Question

Eden is cutting two triangular tiles for her bathroom. She needs the tiles to be congruent but is not sure she is cutting them that way. Eden has ensured that one side of both tiles is congruent. Which pair of sides would Eden need to compare in order to make sure the triangles are congruent by HL? triangle ABC with coordinates A at 1 comma 4, B at 2 comma 4, C at 1 comma 1, and a right angle symbol at A and length of AC of 3 units, triangle EFD with coordinates E at 2 comma negative 2, F at one comma negative 2, D at 2 comma 1 and a right angle symbol at E with length of ED of 3 units segment AC and segment EF segment AC and segment FD segment BC and segment EF segment BC and

Answer 1

Answer:

I think its BC and FD

Answer 2

Answer:

Segment FD and segment BC.

Step-by-step explanation:

The HL postulate refers to corresponding Hypothenuse-Leg postulate which is used to demonstrate congruence between two right triangles.

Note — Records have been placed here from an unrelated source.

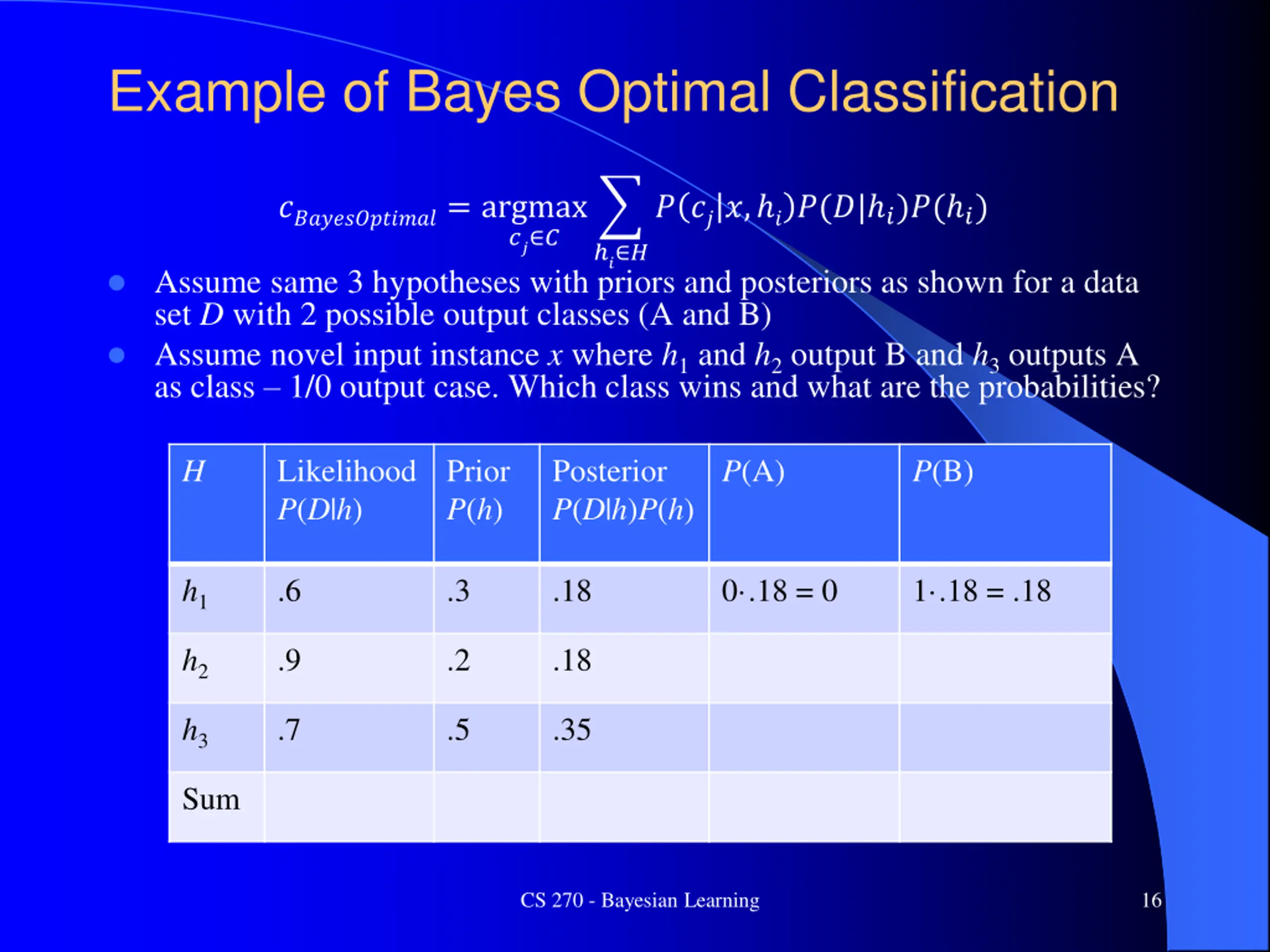 Example of Bayes Optimal Classification Assume probabilistic outputs from the hypotheses for new a instance x H P(A) P(B) .3 .7 h1 h2 h3 .4 .6 .9 .1 Likelihood P(D|h) Prior P(h) Posterior P(D|h)P(h) P(A) P(B) H .6 .3 .18 .3 .18 = .054 .7 .18 = .126 h1 .9 .2 .18 .4 .18 = .072 .6 .18 = .108 h2 .7 .5 .35 .9 .35 = .315 .1 .35 = .035 h3 Sum .441 .269 CS 270 - Bayesian Learning 18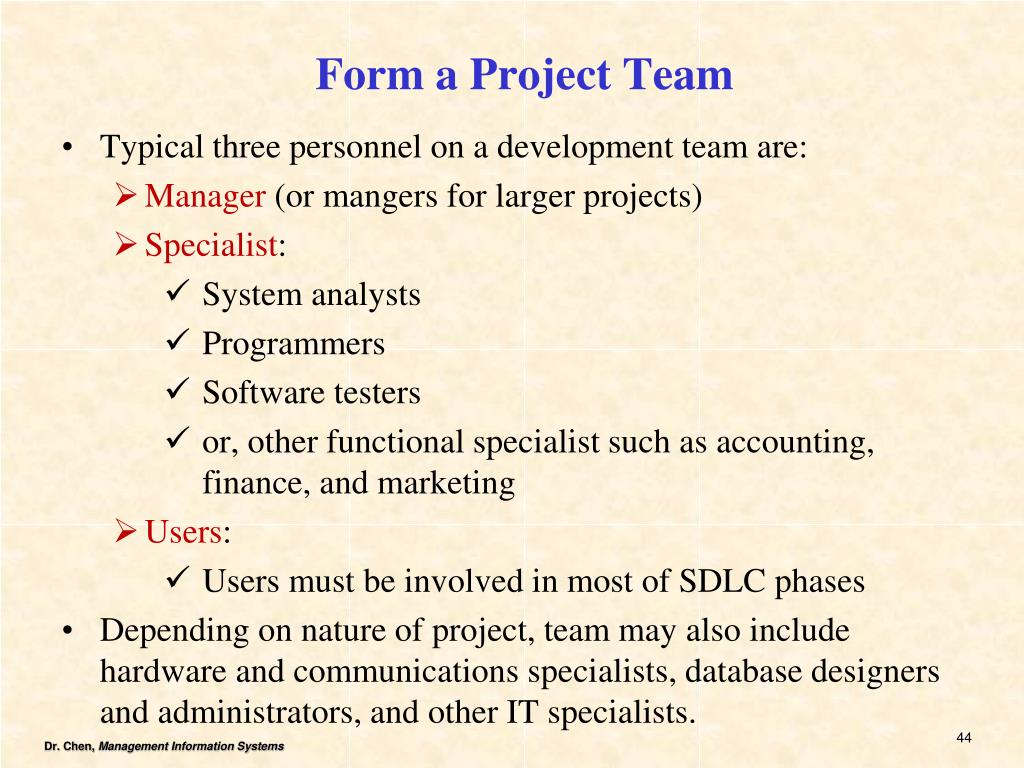 Form a Project Team • Typical three personnel on a development team are: • Manager (or mangers for larger projects) • Specialist: • System analysts • Programmers • Software testers • or, other functional specialist such as accounting, finance, and marketing • Users: • Users must be involved in most of SDLC phases • Depending on nature of project, team may also include hardware and communications specialists, database designers and administrators, and other IT specialists.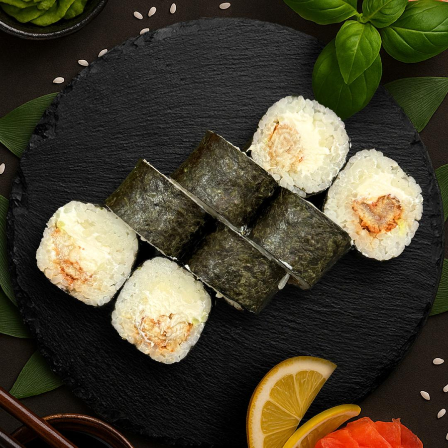Рис, нори, сыр сливочный, угорь.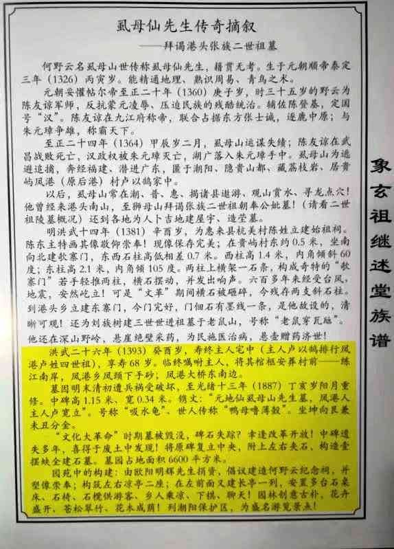 从上面的分析已知晓,洪武年间(1368-1393年)的何野云各种事迹,实际就是陈友谅军师化名的“何野云”的活动事迹。除了官方的文献有何野云在潮活动的记载,非官方的,如胪岗镇港头《张氏族谱》和一些书籍也有类似的记载,何野云曾经去拜谒参观港头二世祖墓。所以张氏族谱记载了何野云这个事迹,并且记载了何野云的生卒、生平简介,还有何野云墓。
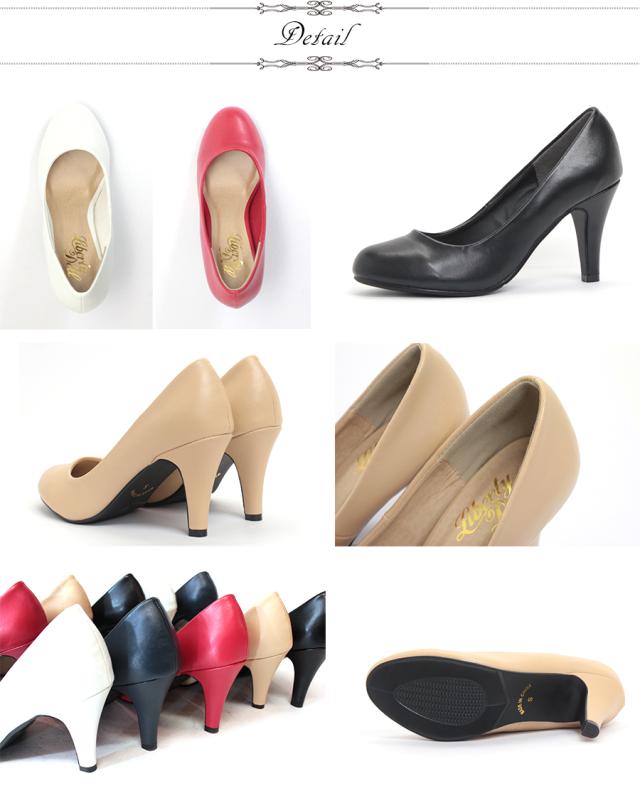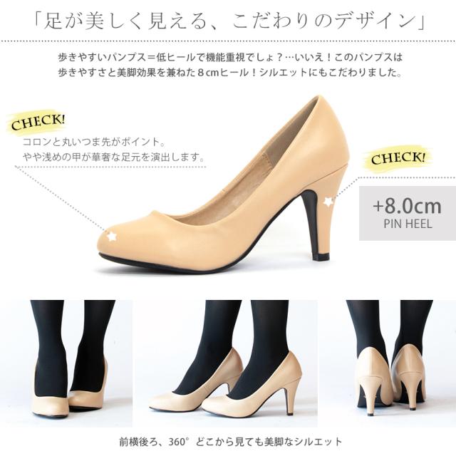 パンプス ラウンドトゥ ハイヒール 8cmヒール 5350-5351 痛くない 美脚 靴 レディース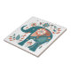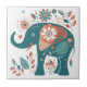 A boho style teal blue elephant is profiled on this unique ceramic tile. A large white flower decoration is on his ear, and lighter blue and orange leaf accents fill the silhouette image. The image is placed on a white background, with matching flower and leaf decorations surrounding it.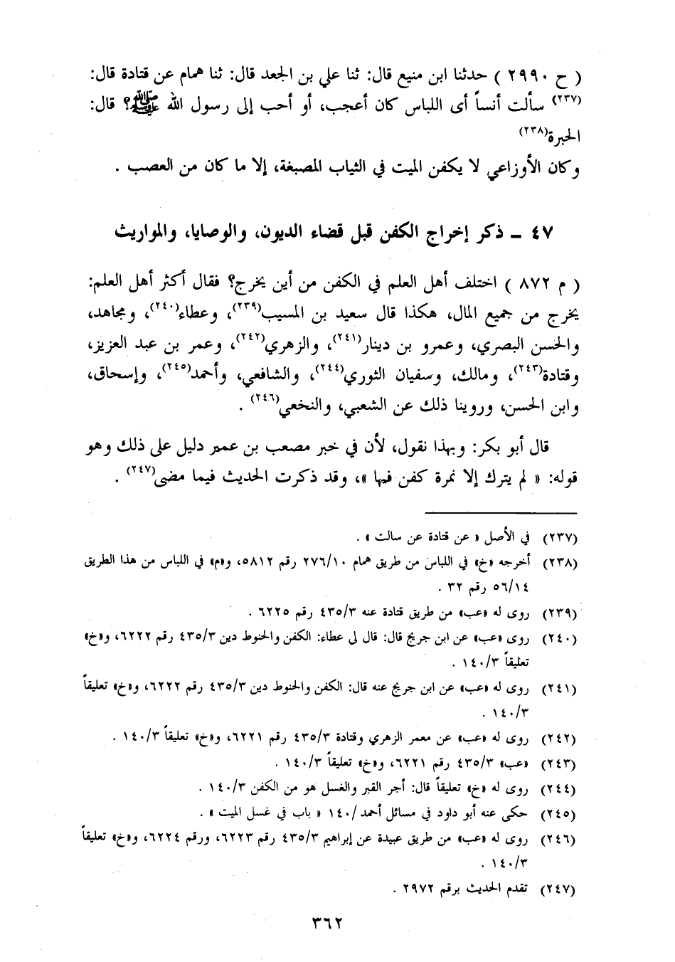 2990 - حَدَّثَنَا ابْنُ مَنِيعٍ، قَالَ: ثنا عَلِيُّ بْنُ الْجَعْدِ، قَالَ: ثنا هَمَّامٌ، عَنْ قَتَادَةَ، قَالَ: سَأَلْتُ أَنَسًا: أَيُّ اللِّبَاسِ كَانَ أَعْجَبَ، أَوْ أَحَبَّ إِلَى رَسُولِ اللهِ صَلَّى اللَّهُ عَلَيْهِ وَسَلَّمَ؟ قَالَ: «الْحِبَرَةُ» وَكَانَ الْأَوْزَاعِيُّ لَا يُكَفِّنُ الْمَيِّتَ فِي الثِّيَابِ الْمُصَبَّغَةِ، إِلَّا مَا كَانَ مِنَ الْعَصْبِ

These postulate only need two evidences to prove because right triangles already have a congruent angle, so it's like using Side-Angle-Side Postulate.

So, in the given problem, we have to triangles, ABC and EFD, which are both right triangles, and we already have one side or leg congruent: $AC \cong DE$

So, to demonstrate the congruence using HL postulate, we just have to compare both hypothenuses and see if they are congruent: $FD \cong BC$

Therefore, the asnwer is "Eden needs to compare segment FD and segment BC, to demonstrate the congruence by HL postulate.